- Mix the dry ingredients.
- Mix the liquid ingredients.
- Combine, ladle and grill.
Mix the flour, salt, baking powder and sugar in a bowl. Beat the egg into the milk with melted butter or oil. Add the liquids to the bowl with the dry, stirring just until no flour is visible. Let the batter sit for 5-30 minutes.
Heat a skillet or grill over medium heat. Do not overheat.
Ladle the batter into the skillet. When bubbles form across the pancake, flip and bake on the other side.
Pancakes do not require gluten for structure. There are many recipes for these made with gluten free whole grain flours, amaranth, buckwheat, quinoa, teff, oat and brown rice pancakes. There are also recipes for pancakes made with whole grain wheat flours Kamut and spelt. For the most nutrients avoid the recipes or mixes made with potato starch, tapioca starch, cornstarch and white rice flour.
Amaranth flour, ground from tiny seeds of the amaranth plant, is whole grain with high levels of the complete protein lysine.
Amaranth Pancakes
4-6 inch pancakes (1/4 cup batter each)
In a bowl, mix flour, salt, baking powder and sugar.3/4 cup amaranth flour
1/8 teaspoon salt
1 teaspoon baking powder
2 teaspoon sugar
Beat egg into milk.

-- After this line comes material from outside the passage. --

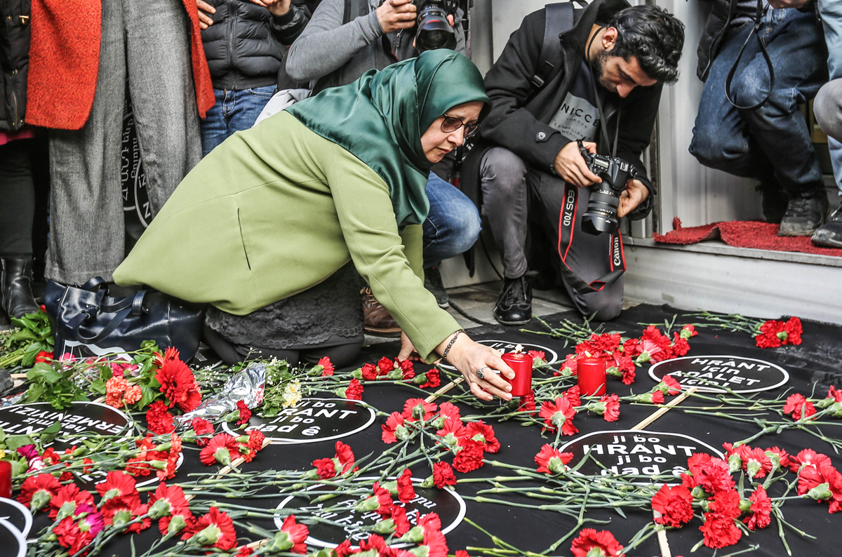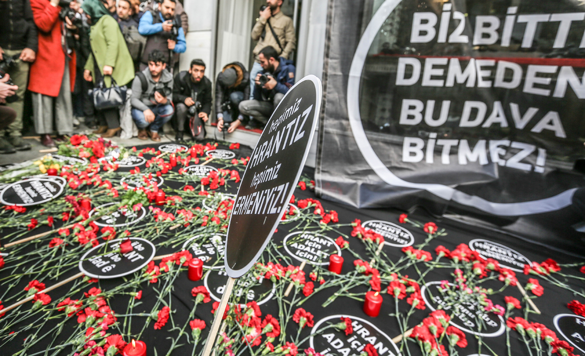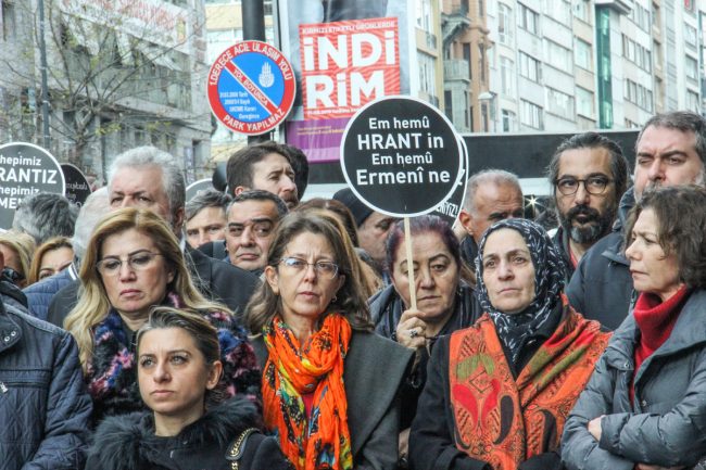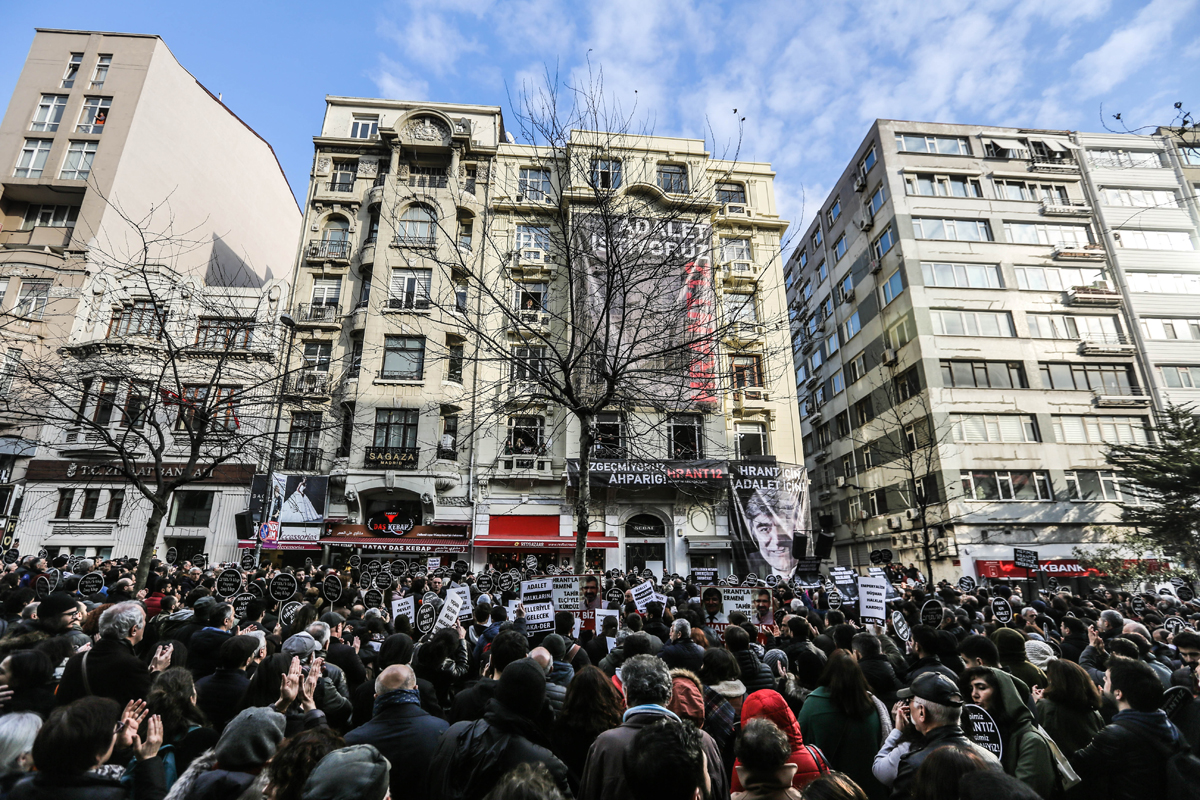 Yakınları, arkadaşları ve yoldaşları, Hrant Dink’in katledilişinin 12. yıldönümünde yine vurulduğu yerde, Agos gazetesinin eski binası önündeydi
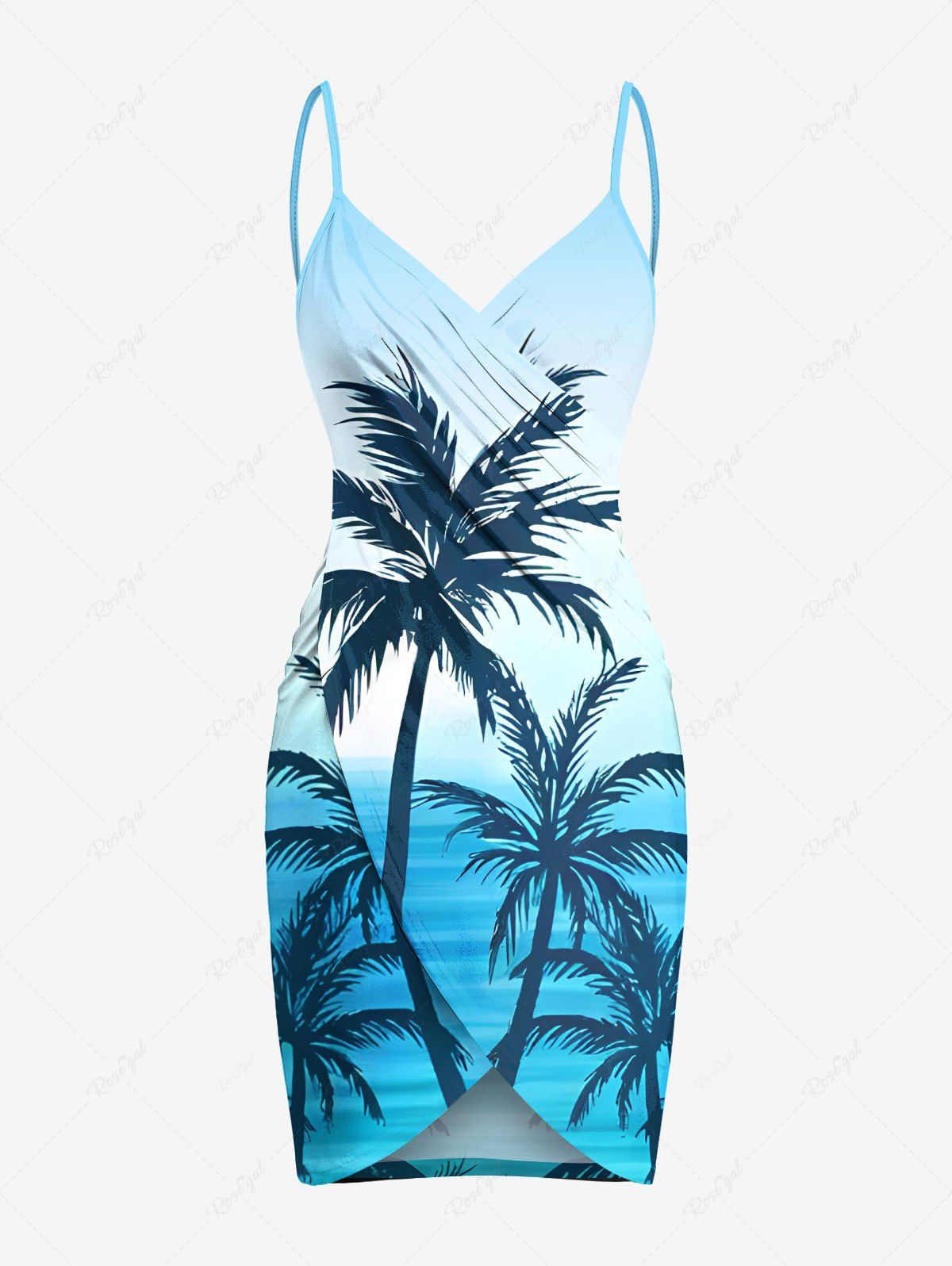 Plus Size Coconut Tree Ombre Colorblock Sea Bird Print Convertible Hawaii Beach Cover - 3x

Add fat.
1 egg
1/2 cup + 2 Tablespoon skim milk
1 Tablespoon melted butter or oil
Pour liquids into dry. Mix only until flour is not visible.
Allow batter to sit for 5-30 minutes.
Heat skillet over medium heat. Ladle 1/4 cup batter onto skillet. Grill until bubbles form across the surface of the pancake. Turn and heat the other side until brown.
Serve with fruit, an egg or local maple syrup.
To make bigger batches, double or triple and freeze leftovers. Serve versatile pancakes for breakfast, lunch or dinner.